What the task requires: Within the listing below, give again exactly the lines between the one containing "provient de l'église" and the one containing "The 2012 São", inclusive, pictures left aside.

Data extracts:

○ ○ ○

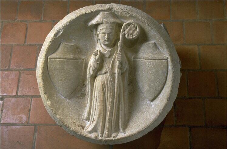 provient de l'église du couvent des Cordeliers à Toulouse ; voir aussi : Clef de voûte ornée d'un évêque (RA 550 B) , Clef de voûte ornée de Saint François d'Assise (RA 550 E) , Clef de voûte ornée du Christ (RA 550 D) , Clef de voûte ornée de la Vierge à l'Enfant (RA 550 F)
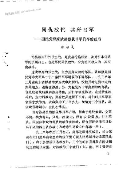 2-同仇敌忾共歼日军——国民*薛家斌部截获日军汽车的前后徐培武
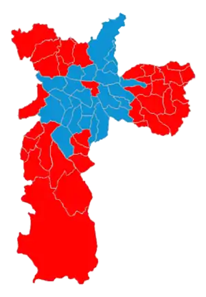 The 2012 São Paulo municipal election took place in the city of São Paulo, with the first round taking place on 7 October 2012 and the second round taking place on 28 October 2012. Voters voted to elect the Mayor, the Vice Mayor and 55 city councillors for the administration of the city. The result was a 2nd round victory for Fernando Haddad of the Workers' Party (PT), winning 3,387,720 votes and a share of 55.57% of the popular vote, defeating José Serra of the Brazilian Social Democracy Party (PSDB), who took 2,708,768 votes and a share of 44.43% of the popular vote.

○ ○ ○

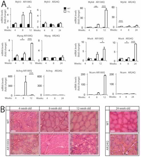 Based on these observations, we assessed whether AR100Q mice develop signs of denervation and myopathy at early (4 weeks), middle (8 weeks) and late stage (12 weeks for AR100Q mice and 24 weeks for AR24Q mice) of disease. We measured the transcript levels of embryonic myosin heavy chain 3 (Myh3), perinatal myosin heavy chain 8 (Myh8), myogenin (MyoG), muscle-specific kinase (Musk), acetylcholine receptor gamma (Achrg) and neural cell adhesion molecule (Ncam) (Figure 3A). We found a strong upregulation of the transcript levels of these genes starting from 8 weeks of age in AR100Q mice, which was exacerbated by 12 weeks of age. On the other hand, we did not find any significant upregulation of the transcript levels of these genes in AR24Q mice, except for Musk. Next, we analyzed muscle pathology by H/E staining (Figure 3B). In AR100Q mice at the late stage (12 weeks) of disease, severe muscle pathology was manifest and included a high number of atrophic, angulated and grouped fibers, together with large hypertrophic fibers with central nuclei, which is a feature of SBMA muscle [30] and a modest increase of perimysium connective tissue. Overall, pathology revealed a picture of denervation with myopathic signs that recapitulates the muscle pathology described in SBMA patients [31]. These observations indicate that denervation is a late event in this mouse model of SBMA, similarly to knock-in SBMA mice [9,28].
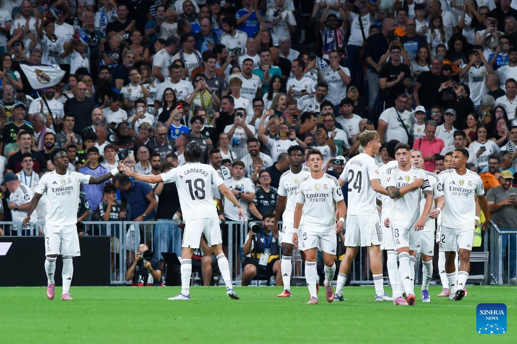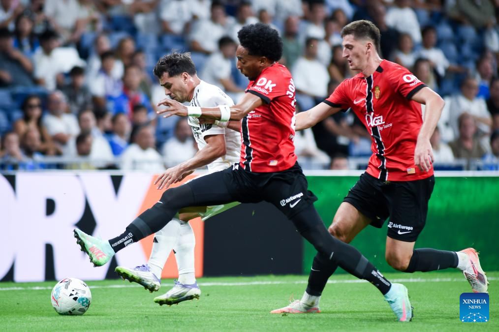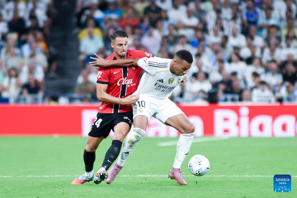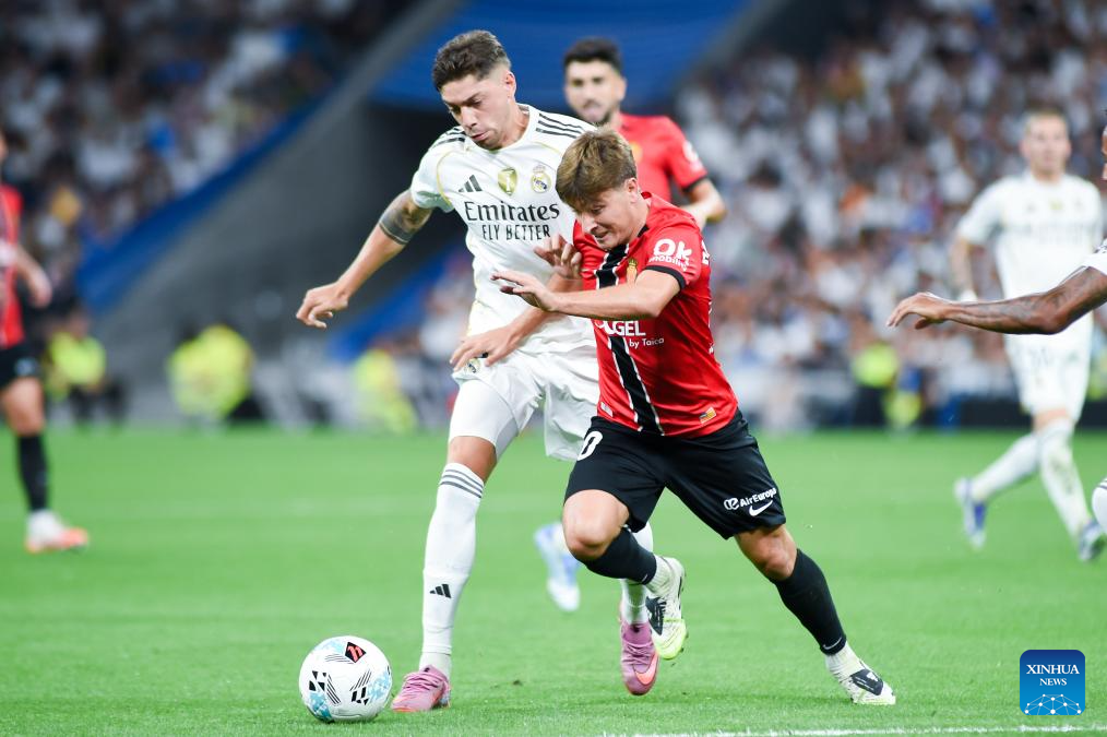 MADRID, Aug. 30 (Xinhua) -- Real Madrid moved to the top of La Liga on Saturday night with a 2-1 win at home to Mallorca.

○ ○ ○

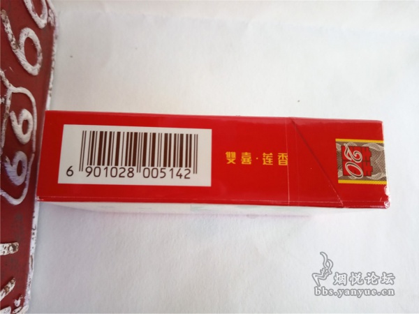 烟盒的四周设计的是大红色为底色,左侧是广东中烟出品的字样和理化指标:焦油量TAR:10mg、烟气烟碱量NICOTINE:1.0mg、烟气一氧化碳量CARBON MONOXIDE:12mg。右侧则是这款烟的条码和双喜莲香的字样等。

○ ○ ○

Output below:
 provient de l'église du couvent des Cordeliers à Toulouse ; voir aussi : Clef de voûte ornée d'un évêque (RA 550 B) , Clef de voûte ornée de Saint François d'Assise (RA 550 E) , Clef de voûte ornée du Christ (RA 550 D) , Clef de voûte ornée de la Vierge à l'Enfant (RA 550 F)
 2-同仇敌忾共歼日军——国民*薛家斌部截获日军汽车的前后徐培武
 The 2012 São Paulo municipal election took place in the city of São Paulo, with the first round taking place on 7 October 2012 and the second round taking place on 28 October 2012. Voters voted to elect the Mayor, the Vice Mayor and 55 city councillors for the administration of the city. The result was a 2nd round victory for Fernando Haddad of the Workers' Party (PT), winning 3,387,720 votes and a share of 55.57% of the popular vote, defeating José Serra of the Brazilian Social Democracy Party (PSDB), who took 2,708,768 votes and a share of 44.43% of the popular vote.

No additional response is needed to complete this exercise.